*What this task involves*
Word for word, repeat each of the records below.

Exercise materials section start

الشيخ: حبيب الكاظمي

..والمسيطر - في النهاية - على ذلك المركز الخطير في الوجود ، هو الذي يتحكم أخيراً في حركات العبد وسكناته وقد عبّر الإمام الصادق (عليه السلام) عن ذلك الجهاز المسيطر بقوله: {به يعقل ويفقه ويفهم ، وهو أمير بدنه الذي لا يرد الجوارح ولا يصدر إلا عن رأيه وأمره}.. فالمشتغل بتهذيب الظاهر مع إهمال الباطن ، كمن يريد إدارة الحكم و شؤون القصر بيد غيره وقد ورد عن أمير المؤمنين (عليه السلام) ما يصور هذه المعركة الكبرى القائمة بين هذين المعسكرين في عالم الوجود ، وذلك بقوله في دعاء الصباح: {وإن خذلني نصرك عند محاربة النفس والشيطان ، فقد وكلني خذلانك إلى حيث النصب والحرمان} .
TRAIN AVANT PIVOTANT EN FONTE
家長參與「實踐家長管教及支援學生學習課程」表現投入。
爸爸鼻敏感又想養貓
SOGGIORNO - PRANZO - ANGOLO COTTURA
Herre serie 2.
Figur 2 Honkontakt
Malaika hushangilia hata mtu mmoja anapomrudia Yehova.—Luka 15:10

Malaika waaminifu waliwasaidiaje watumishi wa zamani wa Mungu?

Exercise materials section end

*Solution to the problem*
الشيخ: حبيب الكاظمي

..والمسيطر - في النهاية - على ذلك المركز الخطير في الوجود ، هو الذي يتحكم أخيراً في حركات العبد وسكناته وقد عبّر الإمام الصادق (عليه السلام) عن ذلك الجهاز المسيطر بقوله: {به يعقل ويفقه ويفهم ، وهو أمير بدنه الذي لا يرد الجوارح ولا يصدر إلا عن رأيه وأمره}.. فالمشتغل بتهذيب الظاهر مع إهمال الباطن ، كمن يريد إدارة الحكم و شؤون القصر بيد غيره وقد ورد عن أمير المؤمنين (عليه السلام) ما يصور هذه المعركة الكبرى القائمة بين هذين المعسكرين في عالم الوجود ، وذلك بقوله في دعاء الصباح: {وإن خذلني نصرك عند محاربة النفس والشيطان ، فقد وكلني خذلانك إلى حيث النصب والحرمان} .
TRAIN AVANT PIVOTANT EN FONTE
家長參與「實踐家長管教及支援學生學習課程」表現投入。
爸爸鼻敏感又想養貓
SOGGIORNO - PRANZO - ANGOLO COTTURA
Herre serie 2.
Figur 2 Honkontakt
Malaika hushangilia hata mtu mmoja anapomrudia Yehova.—Luka 15:10

Malaika waaminifu waliwasaidiaje watumishi wa zamani wa Mungu?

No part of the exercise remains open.